▶ [WORK REQUIRED]:
Find the line that contains "本日発売銘柄もあり・・・ 楽しみは最後にやってきました! |". Copy it and every line after it to the end of the material below, exactly, with no pictures.

▶ [DATA BELOW]:
┄┄┄┄┄┄┄┄┄┄┄┄┄┄┄┄┄┄┄┄

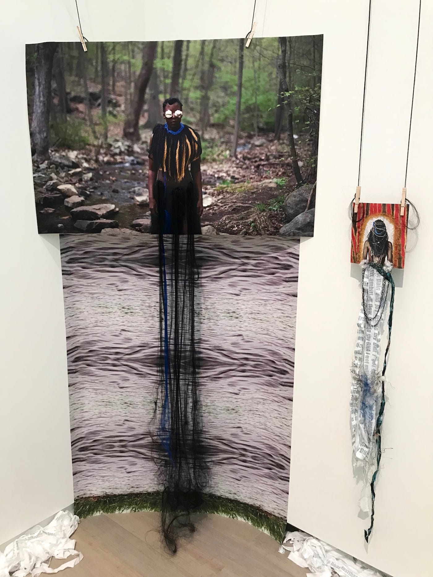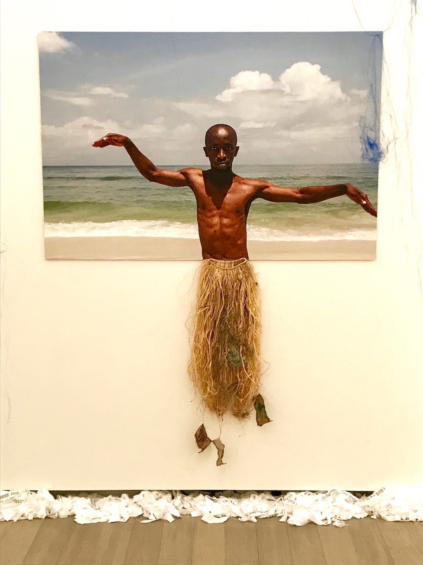 On the opposite side of the gallery is an equally haunting installation by Delphine Adama Fawundu. The Broooklyn-born artist advances a postcolonial critique that assembles work according to the conditions of black identity politics, spirituality, and gender. In many of her works, Fawundu splits her subjects’ bodies in two. “Earth Seed” (2018) depicts a man — with cowry shells covering his eyes — whose legs have been turned into long strands of black hair. In “Olokun” (2017), another man’s lower half appears to consist solely of a grass skirt.
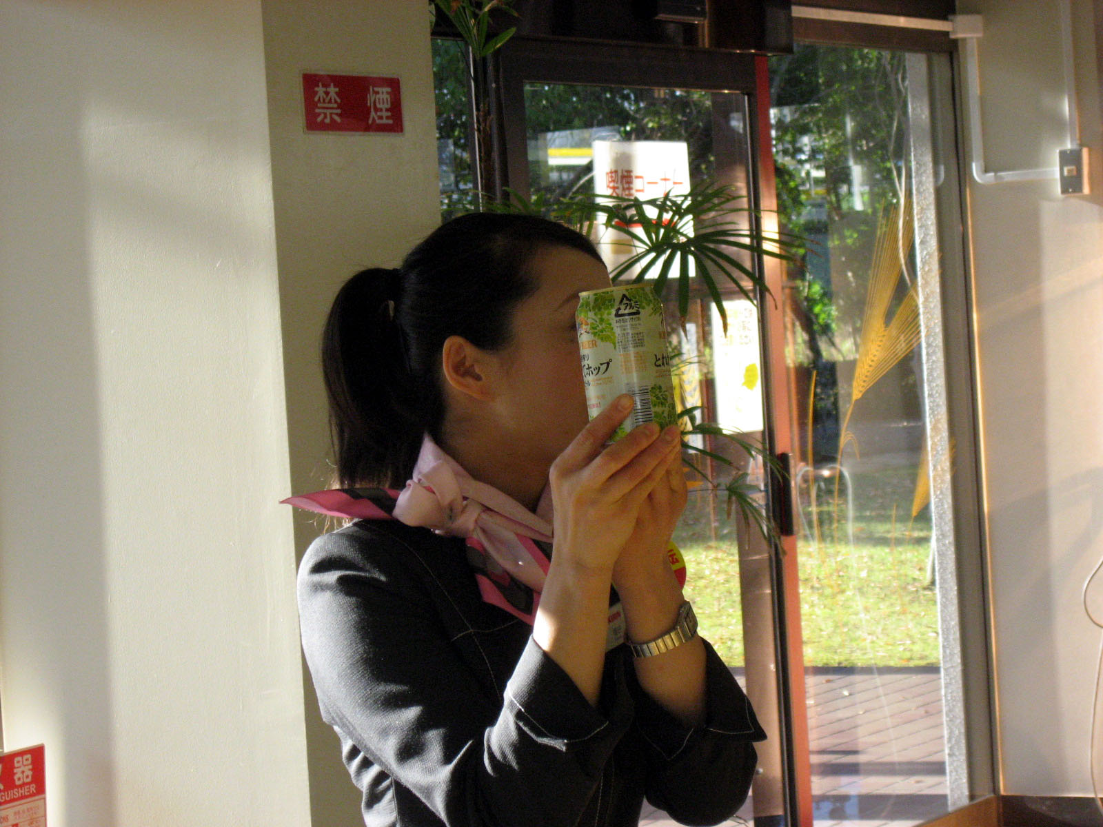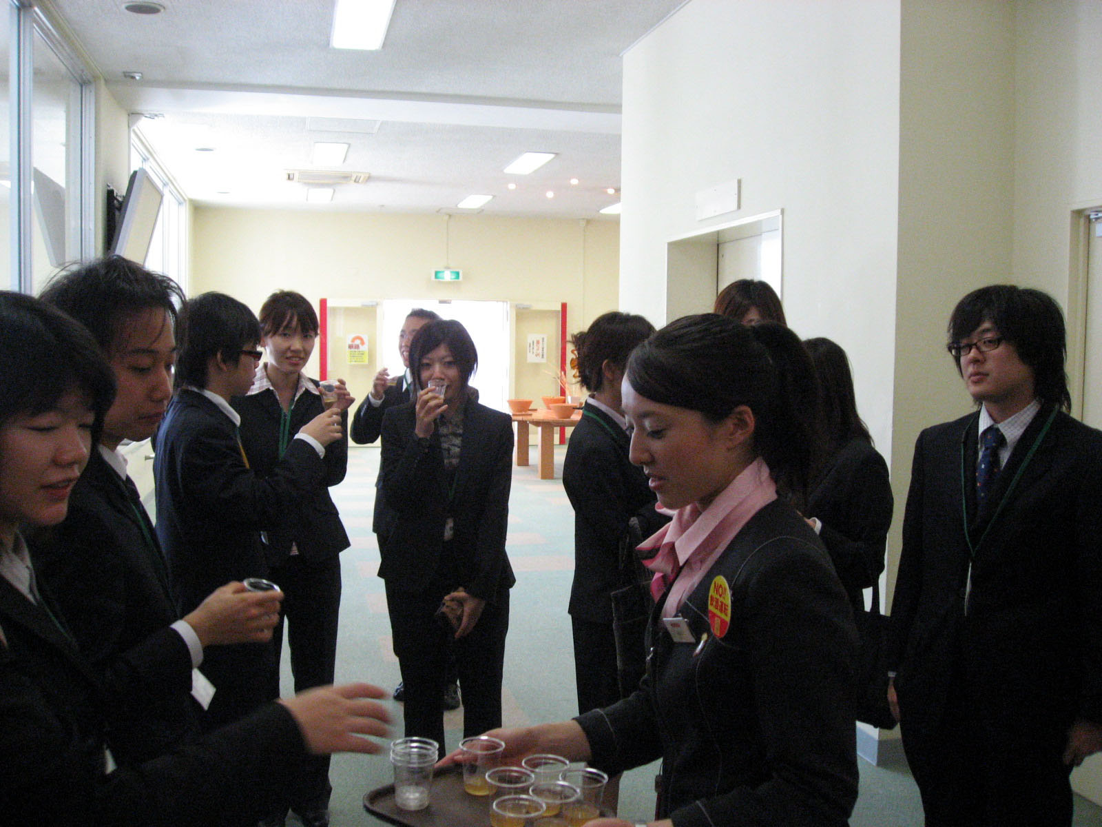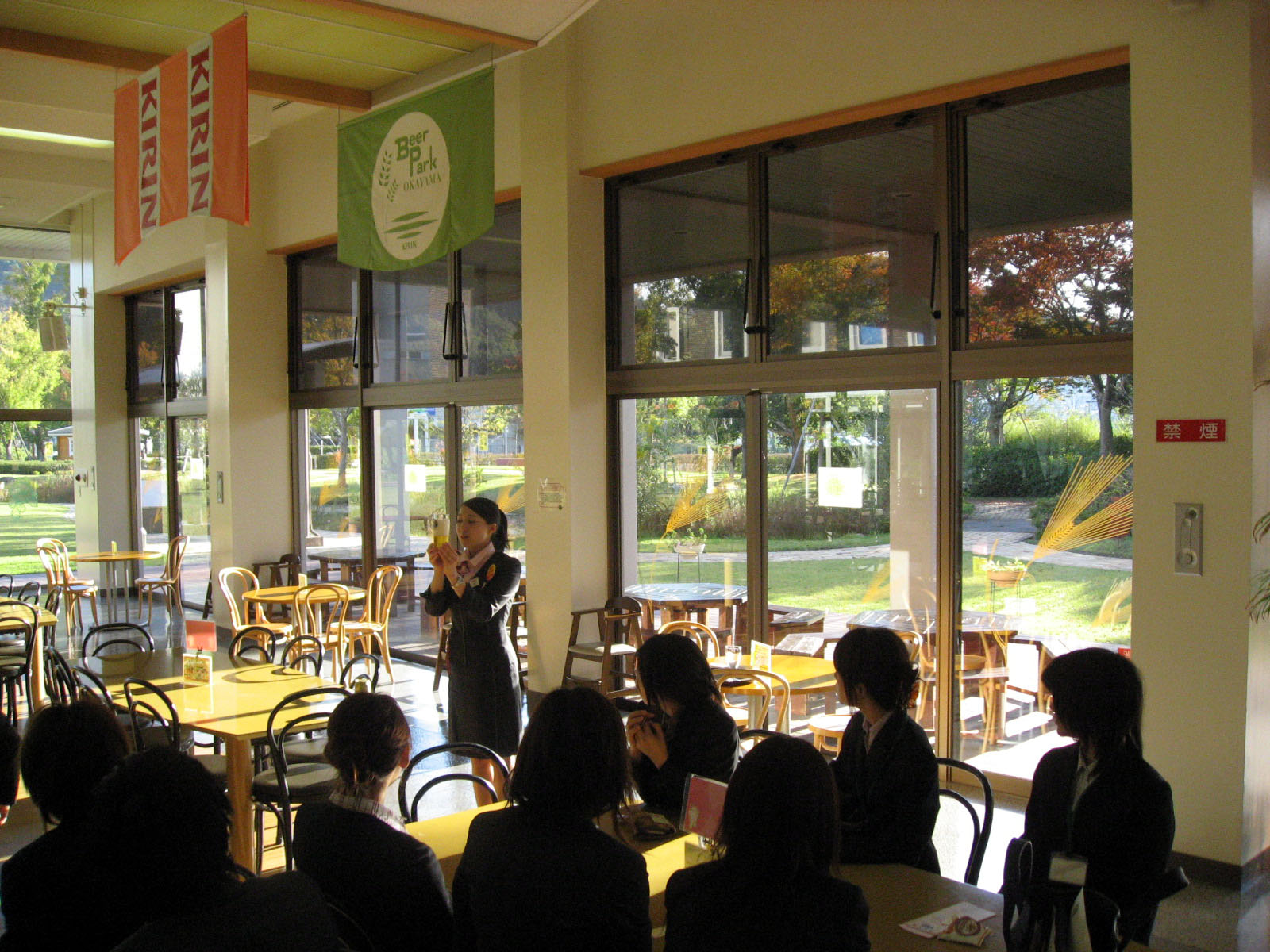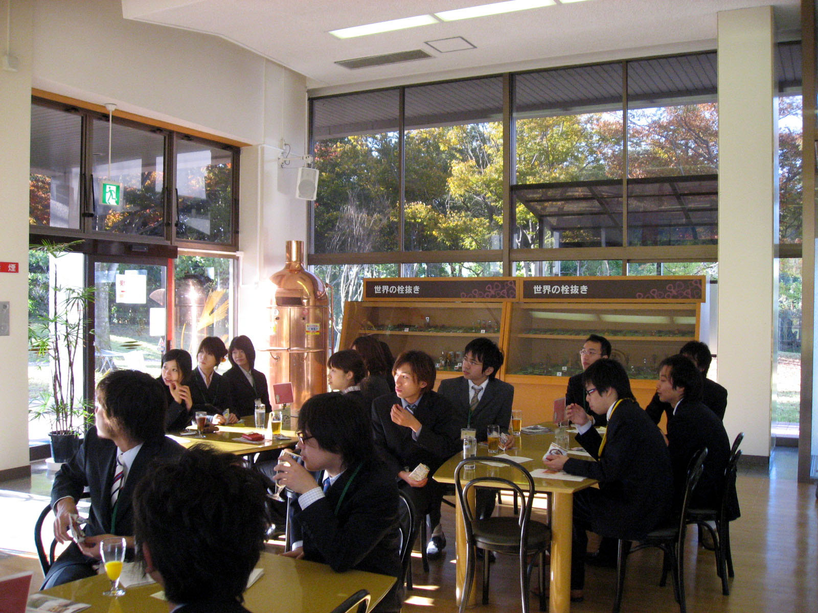 | 講話も終了して・・・・・・中庭を過ぎて・・・最後の工場見学の最終項目の・・・試飲です。 本日発売銘柄もあり・・・ 楽しみは最後にやってきました! |
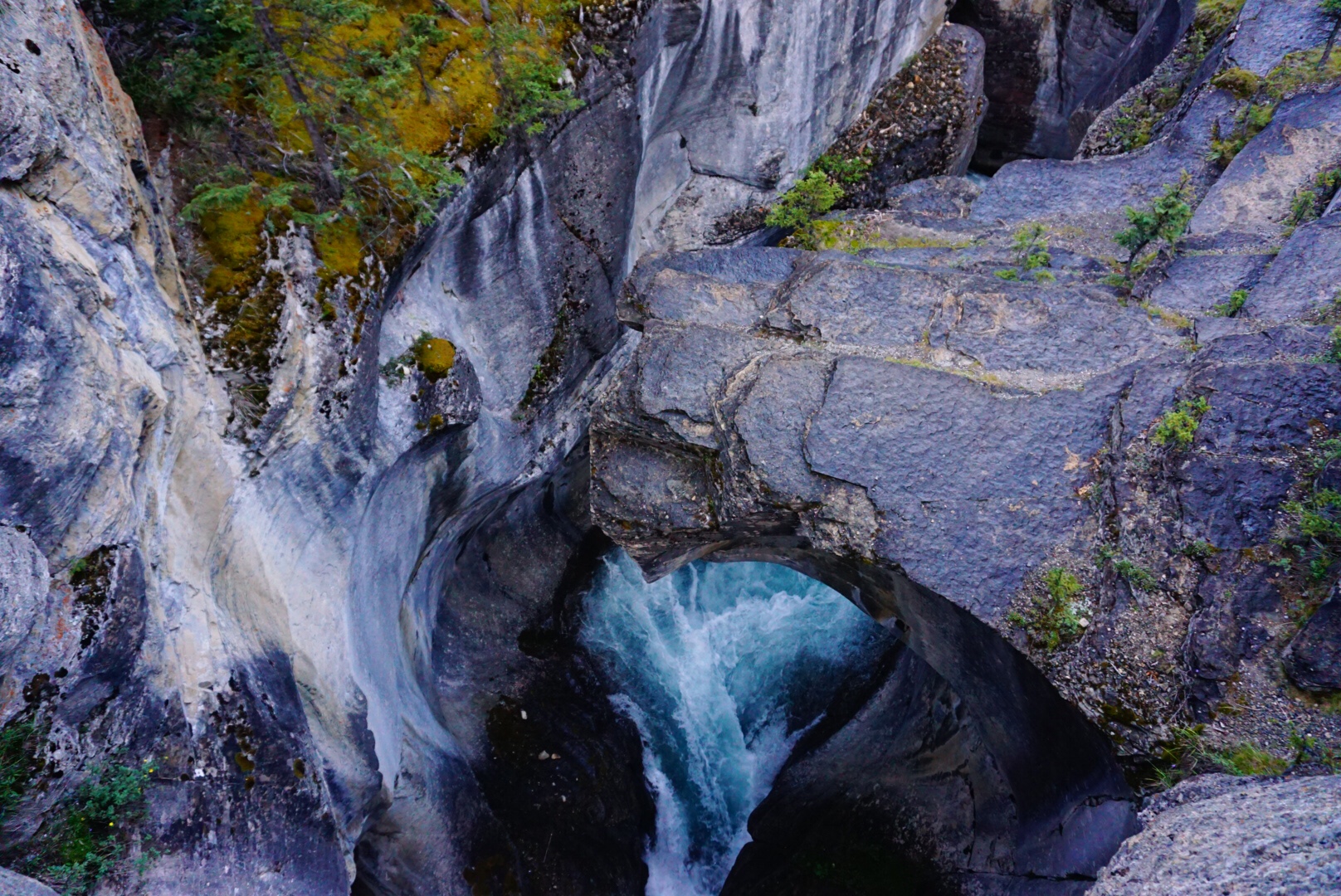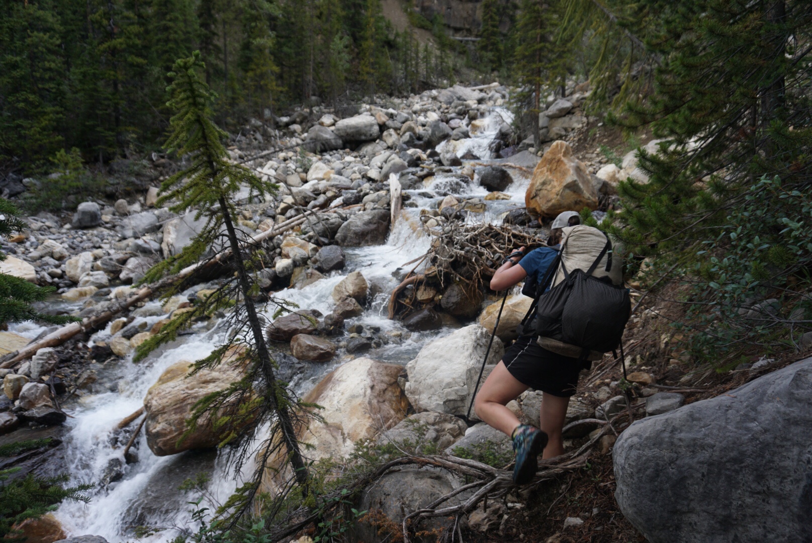 The trail passed on the north side of the massive Saskatchewan River before crossing the road and heading back into the Wilderness and Banff National Park. We started climbing steeply and soon crossed over the 52nd N parallel of planet earth. The trail meandered up a deep slot canyon called Owen’s Creek that soon turned into a steep, tricky and endless embankment. The trail was hardly a trail, and there was more than once where a fall would have led to serious injury. The mantra became…don’t fall.

┄┄┄┄┄┄┄┄┄┄┄┄┄┄┄┄┄┄┄┄

▶ [SOLUTION]:
 | 講話も終了して・・・・・・中庭を過ぎて・・・最後の工場見学の最終項目の・・・試飲です。 本日発売銘柄もあり・・・ 楽しみは最後にやってきました! |
 The trail passed on the north side of the massive Saskatchewan River before crossing the road and heading back into the Wilderness and Banff National Park. We started climbing steeply and soon crossed over the 52nd N parallel of planet earth. The trail meandered up a deep slot canyon called Owen’s Creek that soon turned into a steep, tricky and endless embankment. The trail was hardly a trail, and there was more than once where a fall would have led to serious injury. The mantra became…don’t fall.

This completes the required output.